お見合い仮面夫婦の初夜事情~エリート裁判官は新妻への一途な愛を貫きたい~
 朝の身支度をすませていると、彼が先に家を出る気配がしたので手を止めて玄関に向かう

 きっちりスーツを着こなした大知さんの姿は見慣れているはずなのに、変わらずに胸を高鳴らた。

 サラサラと流れるような艶のある黒髪は短すぎず長すぎない。切れ長の瞳に、すっと通った鼻筋、薄い唇。清潔感溢れ、凛とした雰囲気は昔からだ。

 あの吸い込まれそうな瞳に見つめられると、言葉を失ってしまいそうになるのはきっと私だけじゃない。

「悪い、おそらく今日も遅くなる」

「わかりました。お気をつけて」

 にこりと微笑んだら彼と目が合った。

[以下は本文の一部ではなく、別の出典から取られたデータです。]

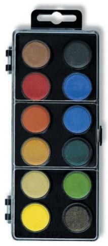 - Barvy vodové 12 odstínů - 22,5 mm, černý barevník, KIN
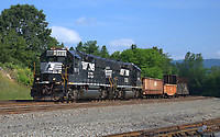 NS 5816 running long hood forward while delivering boxcars to a local business
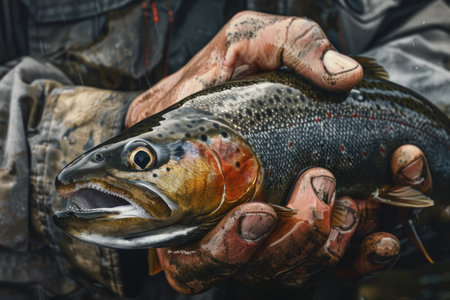 This captivating image presents a close-up view of a fisherman's hand gently cradling a fish. The composition focuses on the intimate connection between the fisherman and his catch, capturing the essence of the fishing experience. The detail-rich image showcases the rough textures and calloused skin of the fisherman's hand, highlighting the dedication and skill involved in the art of fishing. Witness the tangible result of the fisherman's labor as he holds the fruit of his efforts, symbolizing the harmony between humans and the bounties of the sea.
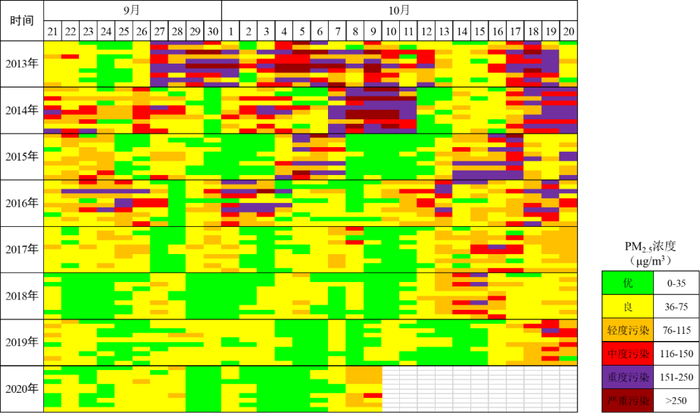△2013—2020年9月下旬—10月中旬北京市PM2.5日均浓度变化(数据来源:中国环境监测总站)
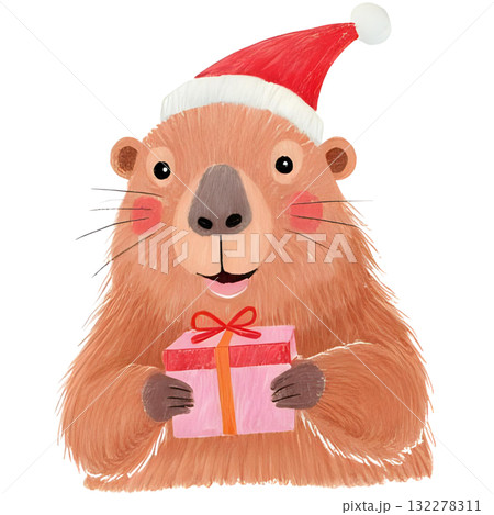 水豚拿著聖誕禮物
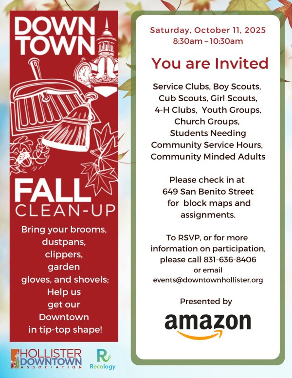 For more information or to participate call 831-696-8406 or email events@downtownhollister.org
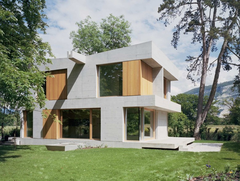Au pied du Salève, la villa SMR se présente sous la forme d'un empilement de trois tables en béton armé. Structurelles, elles façonnent également les différents espaces et ouvertures du projet. Cette petite structure habitable en béton apparent s'installe ainsi de manière discrète et compacte dans le paysage champêtre.
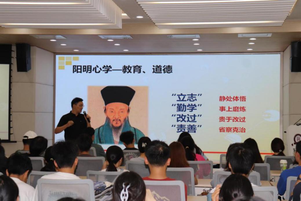结合同学们对外语学习的看法,沈麟教授首先以“贵州大学杰出校友龙永图回访母校”为例,告诉同学们外语学习对我们生活和事业有着重要的影响,激励同学们积极学习外语,努力学好外语。随后沈麟教授指出“阳明心学”中强调“立志”“勤学”“改过”“责善”,告诉同学们在外语学习的过程中要“静处体悟”“事上磨炼”“贵于改过”“省察克治”。
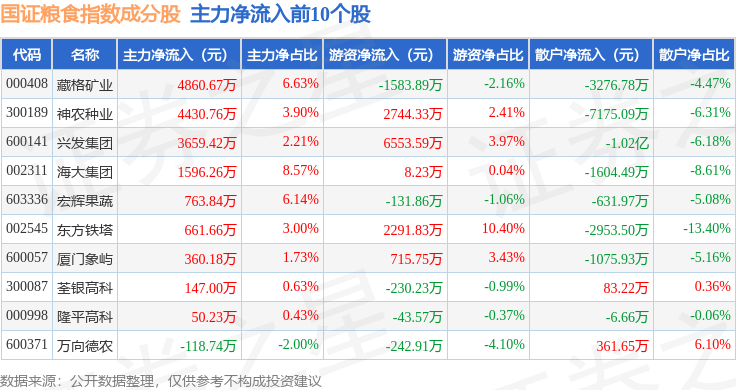 资金流向方面,国证粮食(399365)指数成份股当日主力资金净流出合计10.67亿元,游资资金净流入合计4.74亿元,散户资金净流入合计5.92亿元。成份股资金流向详情见下表:
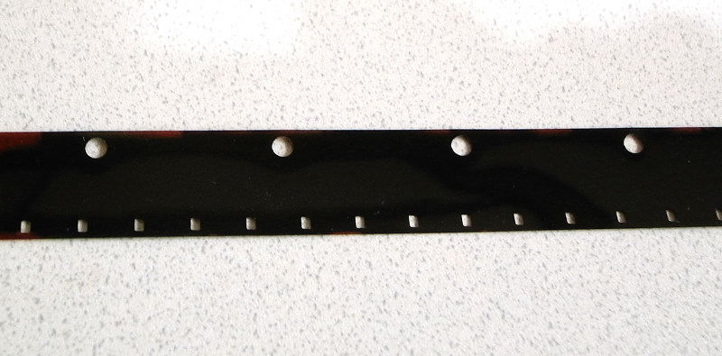 とりあえず、16mmのダミーのフィルムに、今回製作した穴あけ機で穴をあけて試験してみた。
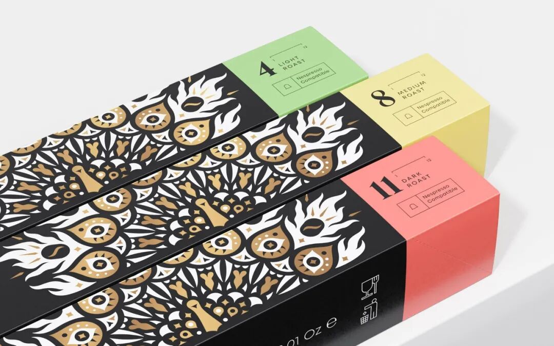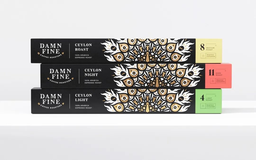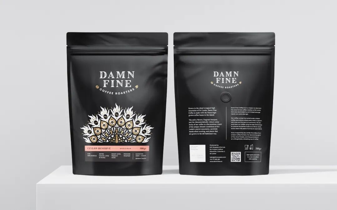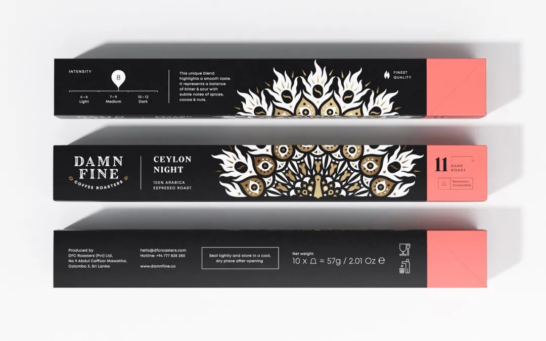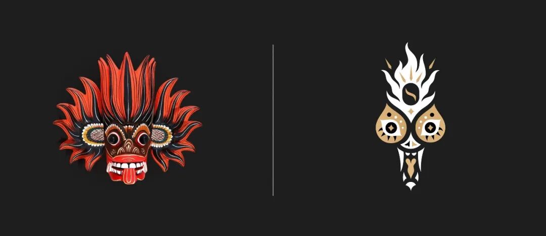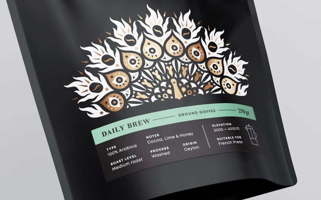 设计目标之一是强调产品的锡兰原产地,我们将这一信息轻轻地编入插图。在包装系列的主角孔雀的尾巴上,也是斯里兰卡的象征之一,你可以找到烤咖啡豆以及斯里兰卡国家 Raksha 面具。

真っすぐな眼差しにたじろぎそうになったが、その前に大知さんはドアへと向き歩き出した。

「行ってくる」

「い、いってらっしゃい」

 慌てて答えると、大知さんがかすかに笑ってくれた……気がする。

 静かになった玄関にひとり、我に返って自室に急ぎ自分の準備をはじめた。

 逢坂(おうさか)千紗、二十五歳。

 癖のある色素の薄めの髪がコンプレックスで、学生の頃は何度か縮毛矯正などをしたが、髪は痛むし、かけ直す手間もあって、もう受け入れた。

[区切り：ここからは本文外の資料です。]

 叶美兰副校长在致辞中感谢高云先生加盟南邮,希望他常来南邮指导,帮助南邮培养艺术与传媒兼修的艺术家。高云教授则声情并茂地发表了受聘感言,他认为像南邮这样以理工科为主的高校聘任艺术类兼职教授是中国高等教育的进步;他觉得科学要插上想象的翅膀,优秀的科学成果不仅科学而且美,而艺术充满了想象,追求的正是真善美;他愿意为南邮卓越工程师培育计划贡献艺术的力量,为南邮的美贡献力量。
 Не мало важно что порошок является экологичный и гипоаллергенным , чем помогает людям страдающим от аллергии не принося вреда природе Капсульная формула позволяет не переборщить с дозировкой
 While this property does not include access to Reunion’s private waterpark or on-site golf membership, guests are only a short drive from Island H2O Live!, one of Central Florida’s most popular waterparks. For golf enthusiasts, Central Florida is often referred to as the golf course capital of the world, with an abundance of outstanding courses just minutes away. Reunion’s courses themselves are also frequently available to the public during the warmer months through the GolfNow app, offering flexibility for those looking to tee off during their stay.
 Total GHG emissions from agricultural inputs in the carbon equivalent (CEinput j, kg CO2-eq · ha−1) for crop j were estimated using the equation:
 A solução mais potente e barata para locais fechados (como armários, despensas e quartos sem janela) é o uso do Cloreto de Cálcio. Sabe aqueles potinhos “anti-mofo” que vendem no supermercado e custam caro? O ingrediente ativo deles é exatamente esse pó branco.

 肩下まで伸ばし、ある程度重くしてまとめるようにしている。身長は中学生の頃に止まってからずっと百五十七センチで、黒目がちな二重の目と丸い輪郭からよく童顔だと言われる。

 鯉のぼりが気持ちよさそうに空を泳ぐ季節、六歳年上の逢坂大知さんと年度末に結婚し、一緒に暮らし初めてまる一ヶ月が経った。